GIVEN INFORMATION:
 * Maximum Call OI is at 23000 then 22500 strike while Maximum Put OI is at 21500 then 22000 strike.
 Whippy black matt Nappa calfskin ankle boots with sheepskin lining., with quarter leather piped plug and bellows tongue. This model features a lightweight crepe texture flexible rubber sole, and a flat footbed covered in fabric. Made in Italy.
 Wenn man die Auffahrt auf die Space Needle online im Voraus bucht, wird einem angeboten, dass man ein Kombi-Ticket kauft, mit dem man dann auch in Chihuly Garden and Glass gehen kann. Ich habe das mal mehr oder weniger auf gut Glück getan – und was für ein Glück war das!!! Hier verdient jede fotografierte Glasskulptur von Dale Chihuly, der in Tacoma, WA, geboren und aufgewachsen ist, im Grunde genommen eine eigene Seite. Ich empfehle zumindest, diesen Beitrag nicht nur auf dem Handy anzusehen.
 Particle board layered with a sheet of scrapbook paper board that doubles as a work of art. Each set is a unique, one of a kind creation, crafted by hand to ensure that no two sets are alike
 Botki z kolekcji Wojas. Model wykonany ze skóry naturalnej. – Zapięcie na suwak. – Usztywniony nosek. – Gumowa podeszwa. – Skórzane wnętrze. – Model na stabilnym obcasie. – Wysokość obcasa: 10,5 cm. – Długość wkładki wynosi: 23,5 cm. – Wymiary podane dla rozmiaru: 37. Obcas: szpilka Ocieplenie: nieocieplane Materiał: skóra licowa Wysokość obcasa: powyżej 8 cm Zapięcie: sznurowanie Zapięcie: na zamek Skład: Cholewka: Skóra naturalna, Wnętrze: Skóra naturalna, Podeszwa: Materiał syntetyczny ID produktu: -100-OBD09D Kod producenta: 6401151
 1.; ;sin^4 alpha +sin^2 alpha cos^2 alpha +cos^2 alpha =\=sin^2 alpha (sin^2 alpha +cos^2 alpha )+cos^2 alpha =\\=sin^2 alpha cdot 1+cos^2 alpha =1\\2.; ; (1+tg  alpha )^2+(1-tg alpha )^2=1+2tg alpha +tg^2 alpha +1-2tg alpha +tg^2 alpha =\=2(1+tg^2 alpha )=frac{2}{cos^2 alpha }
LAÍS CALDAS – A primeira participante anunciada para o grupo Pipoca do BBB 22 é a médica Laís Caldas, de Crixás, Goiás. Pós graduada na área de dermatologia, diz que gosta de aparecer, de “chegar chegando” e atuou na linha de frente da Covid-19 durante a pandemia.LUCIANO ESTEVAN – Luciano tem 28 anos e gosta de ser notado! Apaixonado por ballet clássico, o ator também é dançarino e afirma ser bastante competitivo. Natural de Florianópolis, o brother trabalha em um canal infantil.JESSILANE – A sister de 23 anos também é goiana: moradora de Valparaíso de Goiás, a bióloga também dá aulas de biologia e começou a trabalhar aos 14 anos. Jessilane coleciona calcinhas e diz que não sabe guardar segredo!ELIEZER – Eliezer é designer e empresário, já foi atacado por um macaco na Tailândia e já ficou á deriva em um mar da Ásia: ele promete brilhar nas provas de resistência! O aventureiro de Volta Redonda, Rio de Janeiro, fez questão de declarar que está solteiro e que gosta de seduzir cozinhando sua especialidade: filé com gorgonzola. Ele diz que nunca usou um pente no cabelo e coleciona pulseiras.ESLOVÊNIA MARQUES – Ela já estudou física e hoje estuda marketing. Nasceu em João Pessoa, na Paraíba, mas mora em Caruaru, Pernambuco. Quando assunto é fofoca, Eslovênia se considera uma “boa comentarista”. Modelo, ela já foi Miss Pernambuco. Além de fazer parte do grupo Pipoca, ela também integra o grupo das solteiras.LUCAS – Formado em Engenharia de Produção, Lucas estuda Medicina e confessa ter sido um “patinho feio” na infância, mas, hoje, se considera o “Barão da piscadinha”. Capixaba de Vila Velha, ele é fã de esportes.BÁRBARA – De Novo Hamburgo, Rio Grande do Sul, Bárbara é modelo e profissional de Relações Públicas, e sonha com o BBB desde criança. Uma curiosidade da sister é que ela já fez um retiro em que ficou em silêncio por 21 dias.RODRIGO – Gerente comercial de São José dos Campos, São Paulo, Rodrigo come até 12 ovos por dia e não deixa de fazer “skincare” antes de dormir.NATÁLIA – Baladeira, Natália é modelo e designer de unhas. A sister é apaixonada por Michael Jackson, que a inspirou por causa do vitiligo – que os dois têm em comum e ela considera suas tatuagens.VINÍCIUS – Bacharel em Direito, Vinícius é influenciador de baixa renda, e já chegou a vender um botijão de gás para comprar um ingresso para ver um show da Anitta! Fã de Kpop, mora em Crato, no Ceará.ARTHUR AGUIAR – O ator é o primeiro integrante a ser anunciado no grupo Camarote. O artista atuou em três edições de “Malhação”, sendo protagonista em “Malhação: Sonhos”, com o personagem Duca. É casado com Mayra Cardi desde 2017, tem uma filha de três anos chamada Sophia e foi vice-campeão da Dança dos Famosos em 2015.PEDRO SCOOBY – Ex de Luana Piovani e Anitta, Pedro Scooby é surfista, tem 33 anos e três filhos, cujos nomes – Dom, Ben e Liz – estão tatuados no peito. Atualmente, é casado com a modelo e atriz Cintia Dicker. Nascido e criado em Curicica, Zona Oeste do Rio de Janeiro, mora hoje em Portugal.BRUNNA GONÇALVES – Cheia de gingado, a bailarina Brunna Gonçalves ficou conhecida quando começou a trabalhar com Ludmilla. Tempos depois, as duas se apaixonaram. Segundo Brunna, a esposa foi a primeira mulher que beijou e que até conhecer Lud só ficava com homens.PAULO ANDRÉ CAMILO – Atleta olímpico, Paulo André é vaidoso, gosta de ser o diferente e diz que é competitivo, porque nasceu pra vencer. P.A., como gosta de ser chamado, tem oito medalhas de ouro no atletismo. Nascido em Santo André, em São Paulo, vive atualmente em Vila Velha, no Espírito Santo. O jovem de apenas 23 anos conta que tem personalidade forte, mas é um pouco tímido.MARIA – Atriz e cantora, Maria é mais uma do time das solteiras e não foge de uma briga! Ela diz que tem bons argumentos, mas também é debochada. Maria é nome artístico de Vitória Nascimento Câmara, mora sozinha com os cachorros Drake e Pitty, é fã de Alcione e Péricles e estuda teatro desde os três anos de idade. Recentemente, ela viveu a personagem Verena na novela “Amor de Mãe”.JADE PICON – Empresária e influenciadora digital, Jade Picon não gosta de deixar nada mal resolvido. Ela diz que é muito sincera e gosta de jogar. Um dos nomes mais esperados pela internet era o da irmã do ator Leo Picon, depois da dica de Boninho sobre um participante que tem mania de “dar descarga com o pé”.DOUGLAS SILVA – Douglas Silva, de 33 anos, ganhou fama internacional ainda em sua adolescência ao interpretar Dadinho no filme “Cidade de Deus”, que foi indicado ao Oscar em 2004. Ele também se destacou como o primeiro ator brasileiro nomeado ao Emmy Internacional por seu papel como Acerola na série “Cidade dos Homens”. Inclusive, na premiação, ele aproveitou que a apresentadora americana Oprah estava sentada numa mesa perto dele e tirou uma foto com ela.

EXERCISE: Each line from the start of the listing above through the line containing "Wenn man die" must be reproduced exactly. Leave out the rest.

EXERCISE ANSWER:
 * Maximum Call OI is at 23000 then 22500 strike while Maximum Put OI is at 21500 then 22000 strike.
 Whippy black matt Nappa calfskin ankle boots with sheepskin lining., with quarter leather piped plug and bellows tongue. This model features a lightweight crepe texture flexible rubber sole, and a flat footbed covered in fabric. Made in Italy.
 Wenn man die Auffahrt auf die Space Needle online im Voraus bucht, wird einem angeboten, dass man ein Kombi-Ticket kauft, mit dem man dann auch in Chihuly Garden and Glass gehen kann. Ich habe das mal mehr oder weniger auf gut Glück getan – und was für ein Glück war das!!! Hier verdient jede fotografierte Glasskulptur von Dale Chihuly, der in Tacoma, WA, geboren und aufgewachsen ist, im Grunde genommen eine eigene Seite. Ich empfehle zumindest, diesen Beitrag nicht nur auf dem Handy anzusehen.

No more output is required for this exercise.